The question I was asked was, “When is it time to stop investing in a person and let them go?”

THAT is one big question. I hate failing at anything, I hate failing with people development even more. I’m supposed to be good at it, I’m supposed to help people perform better. When I don’t then I’ve failed. So the decision to stop investing is a big one… but it’s not a hard one.

Here’s how I answered the question.

I stop investing when the good of the one begins to outweigh the good of the many. Simply stated, when the time required to help just one person grow begins to negatively impact and limit the amount of time I can invest with the rest of the team, I have to stop investing in the “one.”

This is particularly true when there seems to be little or no return on that investment. No leader can sacrifice the “many” for the “one.” 

Letting someone go, demoting them or reassigning them is a terrible decision to have to make, but leaders make that decision. Leaders do not let their ego get in the way, they admit, that for whatever reason, this is “one” they just can’t help develop. 

Leaders do what needs to be done, that’s one way, one very big way, that you can tell they are a leader.

 

When You Know It All

A while back I was meeting with a representative of a company that helped learning organizations measure the effectiveness of their training. We got off track a bit and were discussing various certifications and I mentioned a certification for marketing executives that I had initially earned several years before. I told him that there was a lot of education and testing involved in earning and maintaining that very challenging certification. 

He stated that he wouldn’t need anything like that because he already knew all he needed to know to succeed in his career. I was polite and finished out the meeting but I knew in that moment I would not be using this person or their organization. 

If he already knew everything then it meant that he had nothing left to learn. It may have even become impossible for him to learn. I couldn’t help but wonder how this know it all would ever learn enough about my organization to actually help us. I figured if we used him we would be getting some cookie cutter measuring system that was a “one size fits all” deal. That was not what I was looking for… at all.

Talking with him reminded me of the story about the United Sates Patient Office closing in 1899 because “everything that could be invented, already was.” The office never actually closed but there were “know it alls” at the time who recommended that it should.

Truly successful people will never be a know it all. They know they can’t know it all and they know that they don’t have to.
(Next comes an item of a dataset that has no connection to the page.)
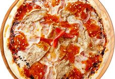 480 г • Копчёная грудинка, куриное маринованное филе, репчатый лук, твёрдый сыр, томатный соус, медовый соус, кунжут, острый консервированный перец, основа для пиццы. Полуострая

They also know what they don’t know. 

Truly successful people learn something new every day. They are always looking for the newest idea. The best idea doesn’t have to be their idea, they will use and benefit from good ideas no matter where they come from.   

The most successful people are in constant learning mode, they are as far from a know it all as you can get. 
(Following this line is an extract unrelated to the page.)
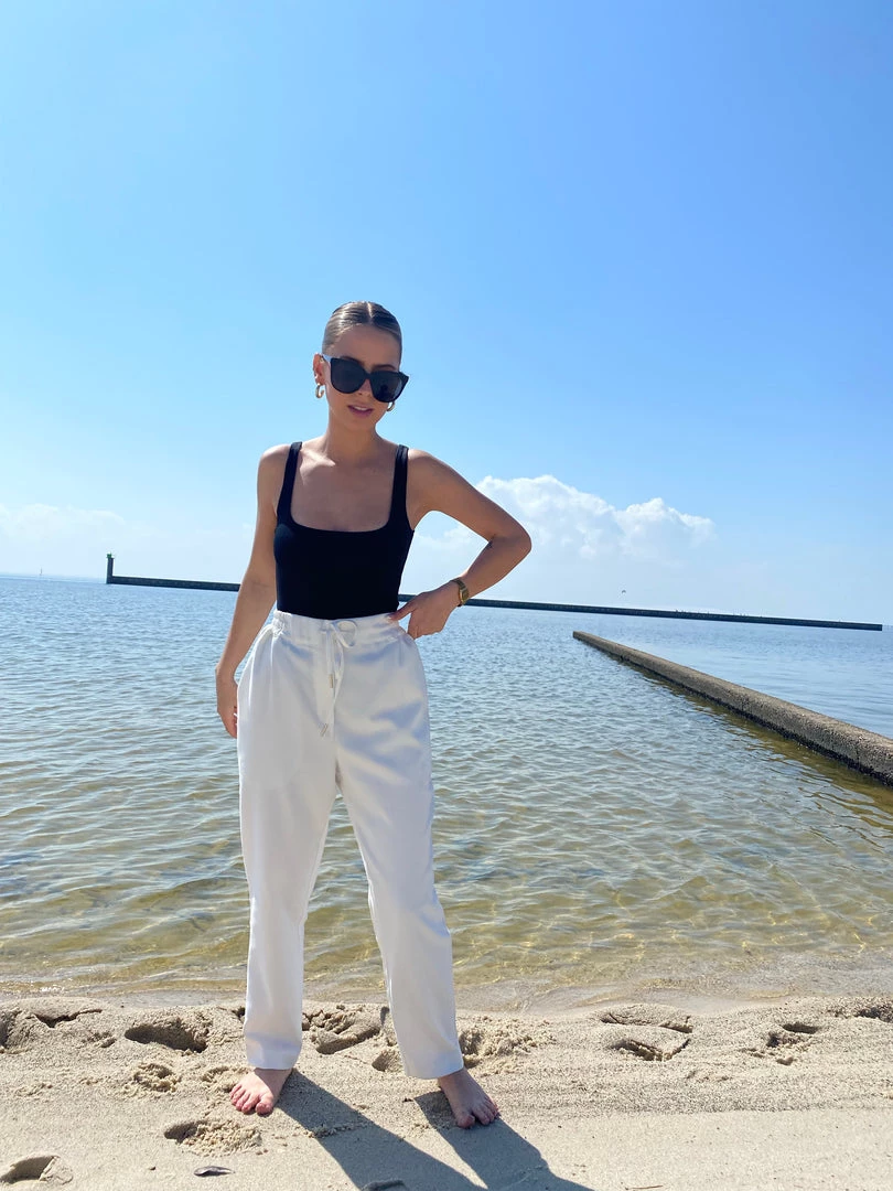 - Black square neck bodysuit

The biggest problem with being a know it all, other than annoying everyone around you, is that once you believe you know it all you see no use in trying to learn anything new. Much like the patient office, you have learned all there is to learn. You’re done!

When you’re done learning you’re done period. Whatever success you’ve had will begin to wane. If you’re not pushing your limits to learn, if you’re not trying new things, if you’re not taking risks then you may be playing life to safe… or you may think you already know everything you need to know. 

Either way, you’re likely seriously limiting your potential. 

You can’t possibly know it all, the good news is, you don’t have to. The great news is you can learn something new this very day. Keep your knowledge base fresh and your success will always be fresh too!